Zagorath ,
@Zagorath@aussie.zone avatar

One take I've seen some Australian lawyers suggest is that the extent of politicisation of America's Supreme Court is an inevitable result of how highly political their constitution is.

In Australia, our constitution deals with the basic functioning of government; how elections take place, who can vote, and mostly fairly boring procedural stuff like that.

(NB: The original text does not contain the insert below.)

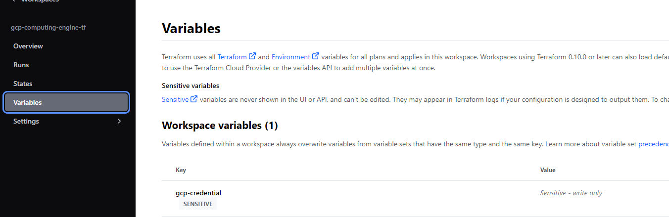 terraform cloud에서 gcp-credential이라는 Variable을 생성해줘야 합니다.
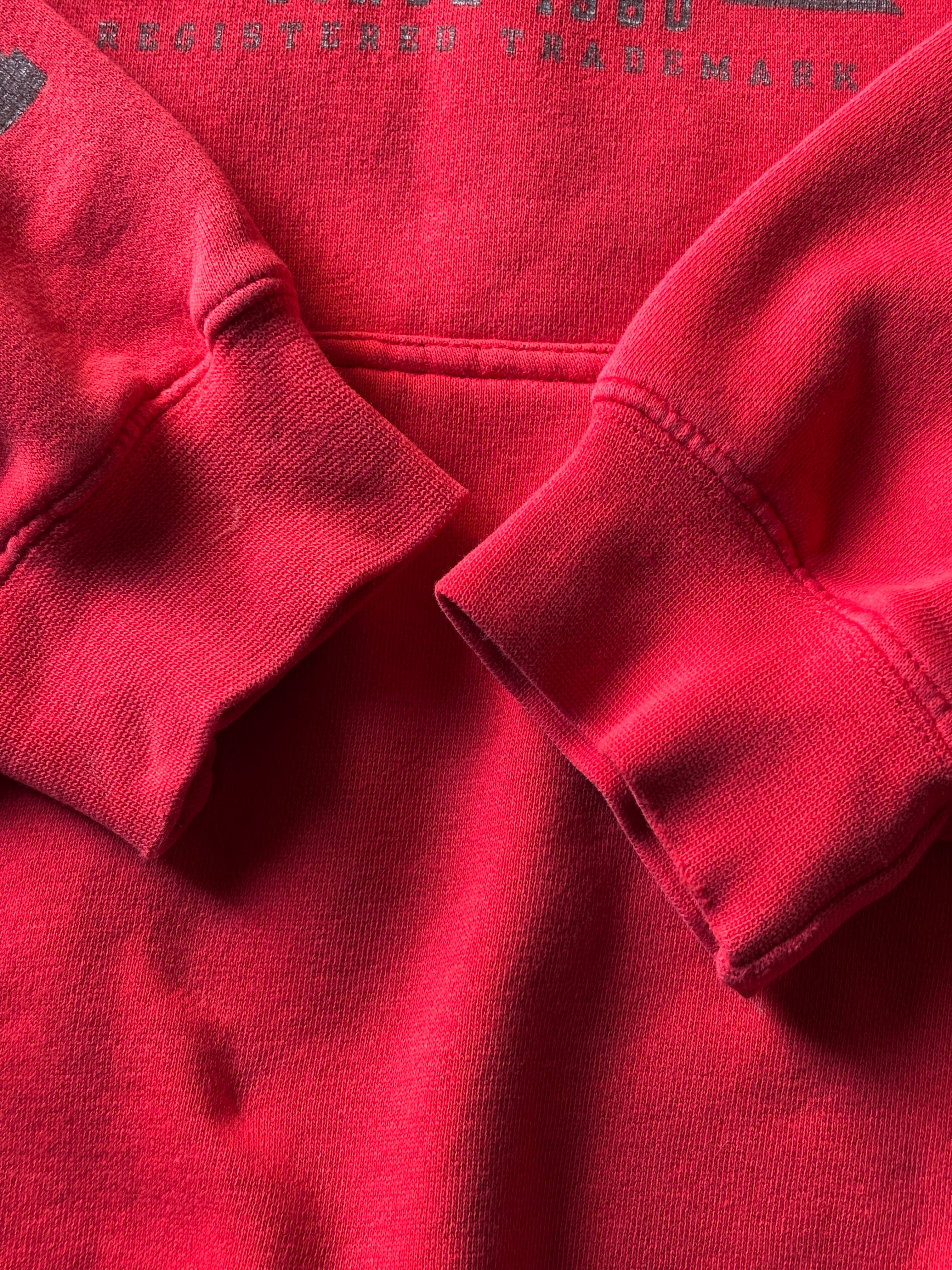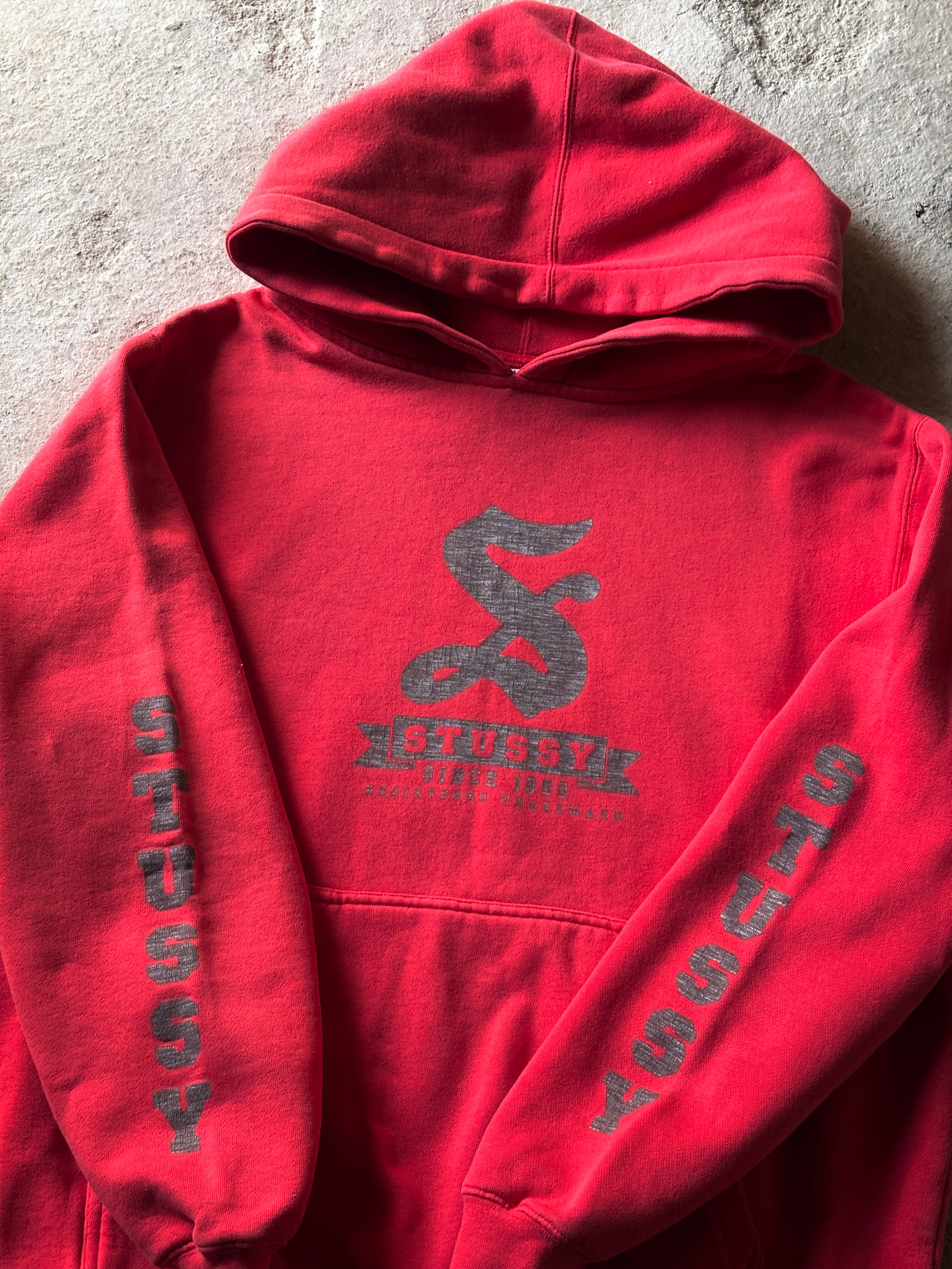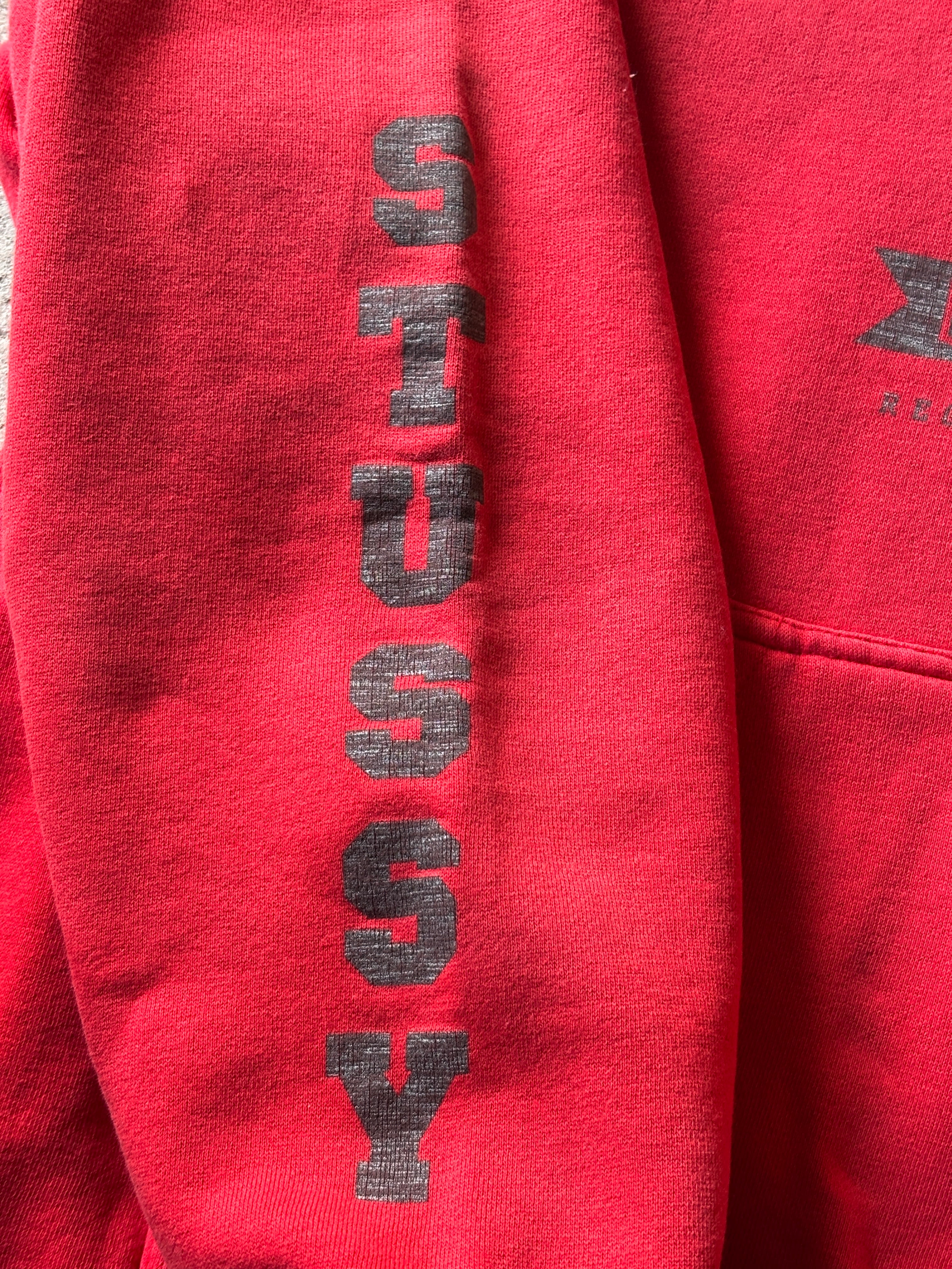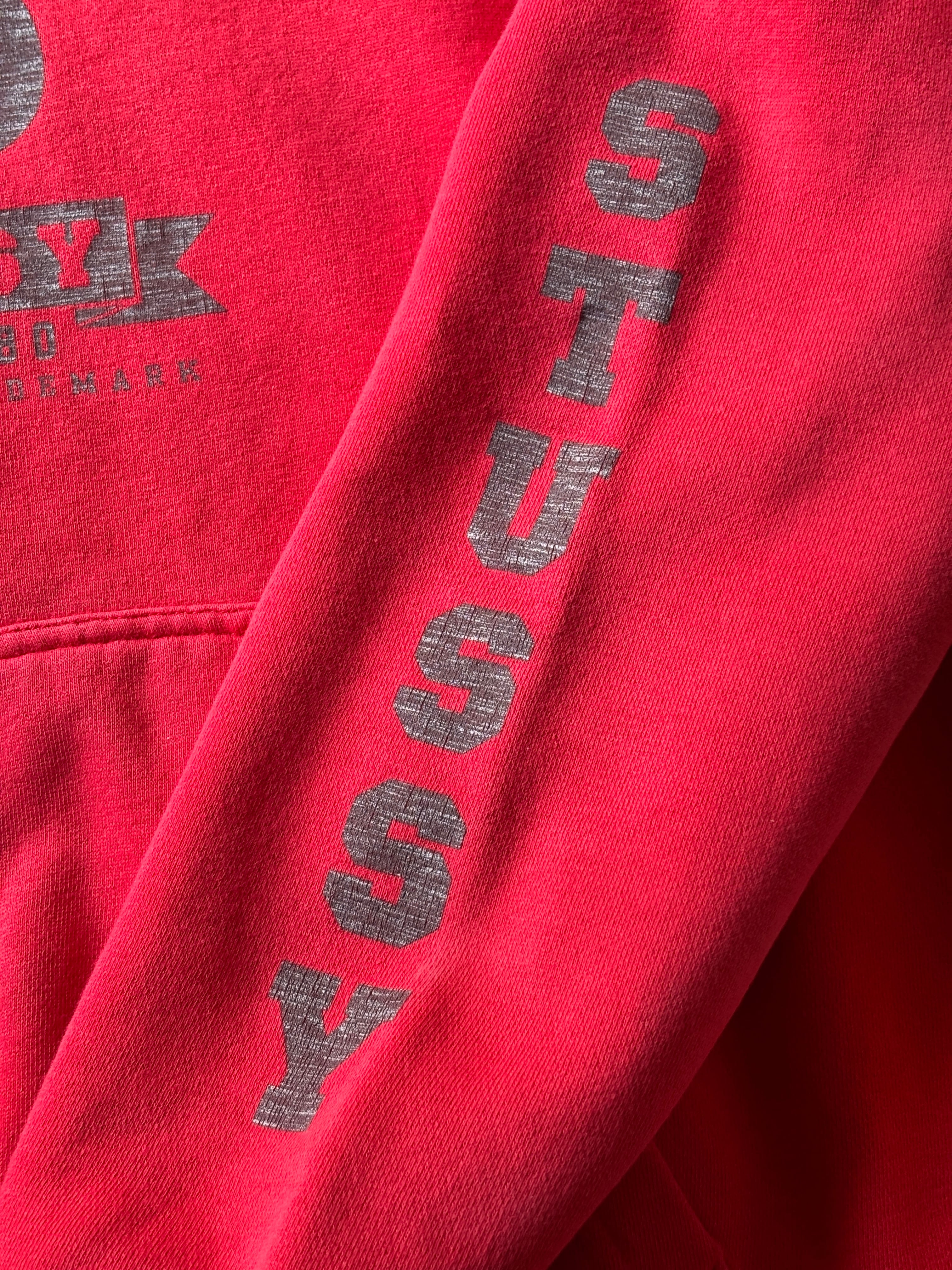 90~00s OLD STUSSY/Logo print Hoodie/紺タグ/S(M相当)/ロゴプリントフ-ディ-/パ-カ-/袖プリ/レッド/ステューシー/オ-ルドステューシー/古着/ア―カイブ

America's constitution quite famously lays out a number of very specific rights. Rights that are, by their very nature, quite politiciseable and open to interpretation. If SCOTUS is able to invent rights that they claim are implied by the written text, with the legislature unable to legislate around it, that's a problem. It becomes even more of a problem when SCOTUS decides they can infer rights that are implied by those rights which SCOTUS themselves inferred. Deciding what rights people have—or removing those rights—should be the job of democratically elected representatives, not political appointees. So the court granting a right to abortion because they say it's implied that you have this right based on the right to privacy (quite a large stretch, IMO), and that right to privacy being implied by your explicit right to due process (a more reasonable inference), is quite a silly arrangement. Better for the legislature to simply do their job.

Not that this is in any way "simple". It would require a complete ground-up rewrite of the American constitution. And that's obviously never going to happen.